Previous research has shown that aquatic embryos can detect and learn from visual and chemical cues in the water around them and directly learn from those cues. However, little is known about how the presence of neighbors in the nest contributes to learning during the egg stage. Given the proximity of eggs to one another in a nest, embryos also have the potential to gain information about the environment by paying attention to the behavior of other embryos (i.e., learning through social mechanisms).
This project will use a common, freshwater fish species, the fathead minnow, to investigate whether and how embryos learn about locally abundant predators during the egg stage from other individuals in the nest, and to understand how this information is transferred among egg-bound individuals. These data will provide new insight into the development of behavior and communication at a critical early life stage.
The PI will also collaborate with science education faculty and an interdisciplinary team of undergraduates to develop and deliver education materials for K-12 students (via a Junior Scientist education program) and conduct outreach to the local community with a focus on evolutionary biology, biodiversity, and the process of scientific inquiry.

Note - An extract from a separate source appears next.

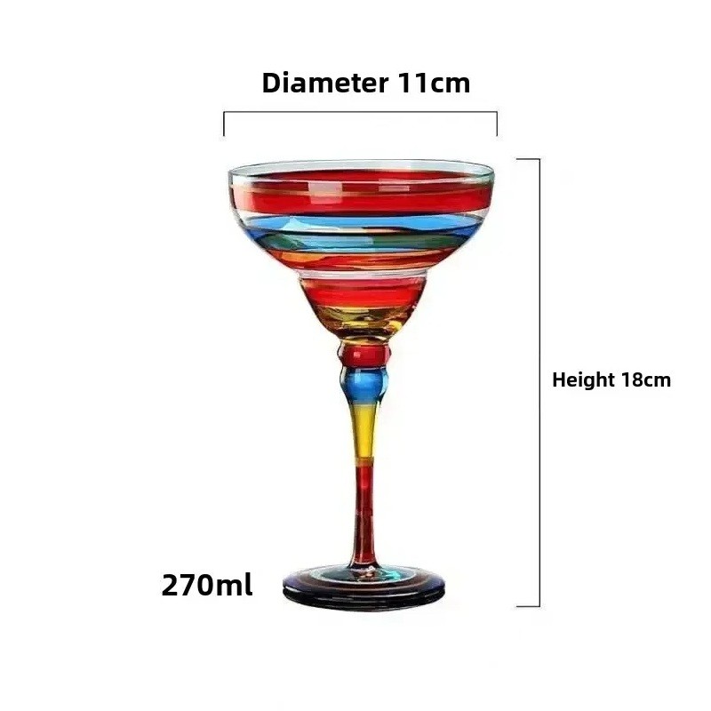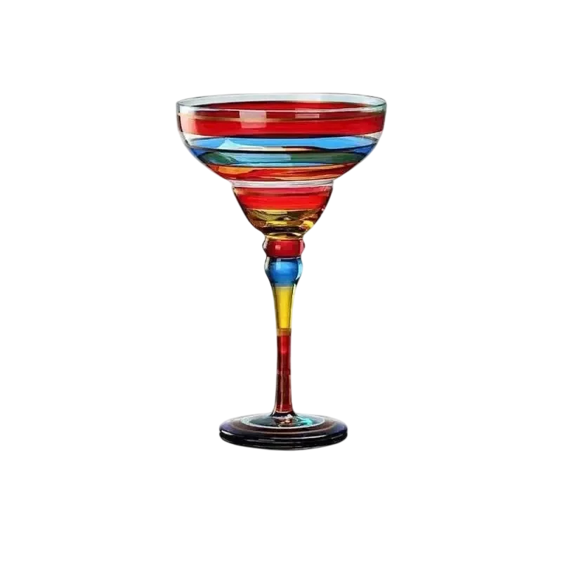 Pahar de cocktail colorat pe picior, potrivit pentru servirea cocktailurilor margarita și altor băuturi mixte la petrecerile de acasă. Descrierea completă

The embryonic stage is a critical window of development and embryos are highly sensitive to environmental cues in a variety of modalities. During the egg stage, individuals may obtain information about the environment directly (via asocial learning mechanisms) or by observing the behavior of conspecifics (social learning mechanisms), or via a combination of the two.
Although previous research has shown that embryos of various oviparous aquatic taxa are sensitive to environmental cues that increase fitness after hatching, we know very little about embryonic social information use and learning in lower aquatic vertebrates. In addition, few studies have explicitly tested hypotheses related to learning in aquatic embryos prior to hatching, and thus numerous questions remain about the development and mechanisms of learning at this key stage of ontogeny.
This project will test multiple, non-mutually exclusive hypotheses of social learning and information transfer to determine when learned behaviors are first expressed in a common, oviparous freshwater fish species, Pimephales promelas, and how and from whom do embryos learn? The results will also provide insight into how embryos perceive and transmit conspecific sensory information.
In addition to advancing our understanding of the evolution and development of behavior, learning, social cognition, communication and sensory ecology, these data may also promote new insight in other areas of behavioral ecology, including predator-prey interactions and mate choice.
This award reflects NSF's statutory mission and has been deemed worthy of support through evaluation using the Foundation's intellectual merit and broader impacts review criteria.